J. Gresham Machen, in his Notes on Galatians, draws out a careful application of the principle argument of Galatians to the church today when he wrote:
The particular form of merit which they induced men to seek was the mertit of keeping the Law of Moses, particularly the cermonial law. At first sight, that fact might seem to destroy the usefulness of the epistle for the present day; for we of today are in no danger in desiring to keep Jewish fasts and feasts. But a little consideration will show that that is not at all the case. The really essential thing about the Judaizers’ contention was not found in those particular “works of the law” that they urged upon the Galatians as being one of the grounds of salvation, but in the fact that the urged any works at all. The really serious error into which they fell was not that they carried the ceremonial law over into the new dispensation, whither God did not intend it to be carried, but that they preached a religion of human merit as over against a religion of divine grace.

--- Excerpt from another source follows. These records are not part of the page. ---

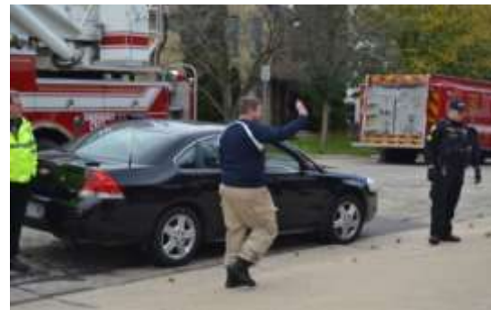
Cam waves to the onlookers showing he’s ok
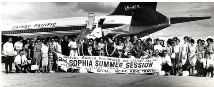
This is a picture of a post-session sightseeing trip to Manila.

Sophia University was one of the thirteen universities chosen in 2009 by the Ministry of Education and Science as part of the Global Thirty, the institutions that are expected to take the lead in educational globalization activities. Everyone expects that the role of the Summer Session program in educating students from overseas about Japan will be one key to such educational globalization.
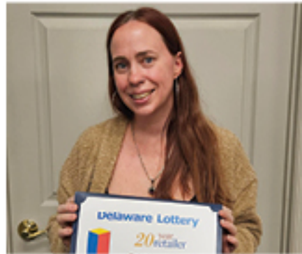
20 YEARS UNITED CHECK CASHING
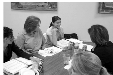
DeLeT fellows and their mentor teachers enjoy a meal as they begin their year of work together at the first Summer Institute.
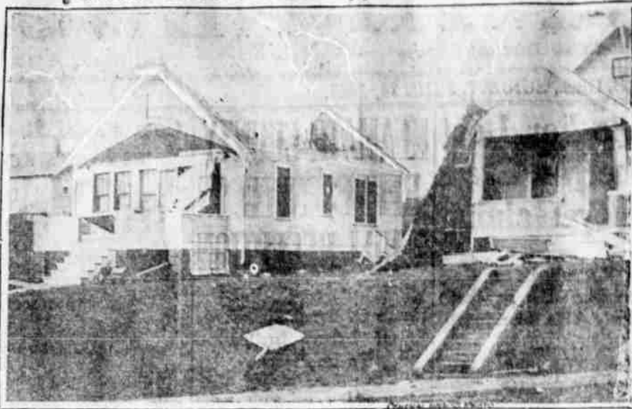
Omaha, Neb., was just sitting down to supper when a tornado swept through a section of the town, wrecking homes and trapping the occupants. Seven persons were injured in the houses shown here, and a score of others hurt in nearby residences.

ath county high school, and several new features for the institution will be inaugurated during the coming year.
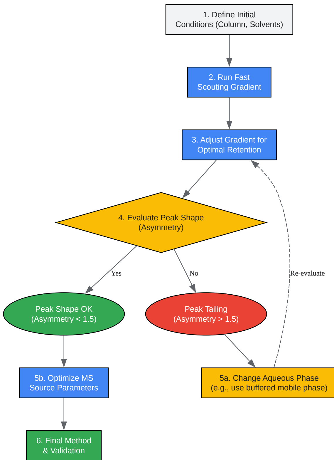
Workflow for Mobile Phase Optimization

Click to download full resolution via product page
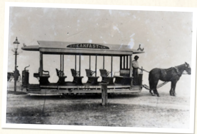
Horse drawn tram to Breakfast Creek, 1886, Brisbane City Council, BCC-B54-11732

The convict settlement was closed in 1839 and in 1842 Moreton Bay was officially opened for free settlement as part of the colony of New South Wales. Newstead House was built in the early 1840s and the area slowly began to be developed for housing and industry. The large hill, often called Montpellier Hill, within the suburb we know today as Bowen Hills, was settled and several large estates were established on it in the 1860s, including Cintra House and Montpellier. On the lower-lying land workers' cottages dotted the area, and by 1879 the Booroodabin Divisional Board had been established to help guide the district's progress. In 1885 a horse-drawn tram line carried passengers to the Breakfast Creek Bridge.
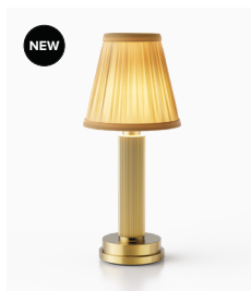
Natural Solid Brass with Pleated Silk Shade
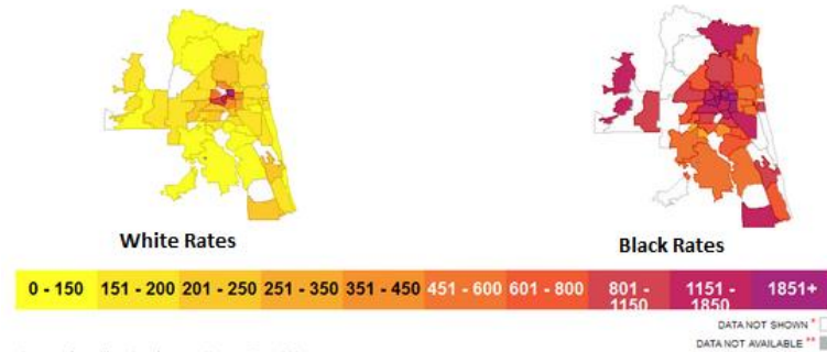
Rates of Black & White Persons Living with an HIV Diagnosis, by County, Jacksonville, FL, 2015

So the error of the Judaizers is a very modern error indeed, as well as a very ancient error. It is found in the modern church wherever men seek salvation by “surrender” instead of by faith, or by their own character instead of by the imputed righteousness of Christ, or by “making Christ master in the life” instead of by trusting in His redeeming blood. In particular, it is found wherever men say that “the real essentials” of Christianity are love, justice, mercy, and other virtues, as contrasted with the great doctrines of God’s word. These are all just different ways of exalting the merit of man over against the cross of Christ; they are all of them attacks upon the very heart and core of the Christian religion. And, against all of them the mighty polemic of this epistle to the Galatians is turned.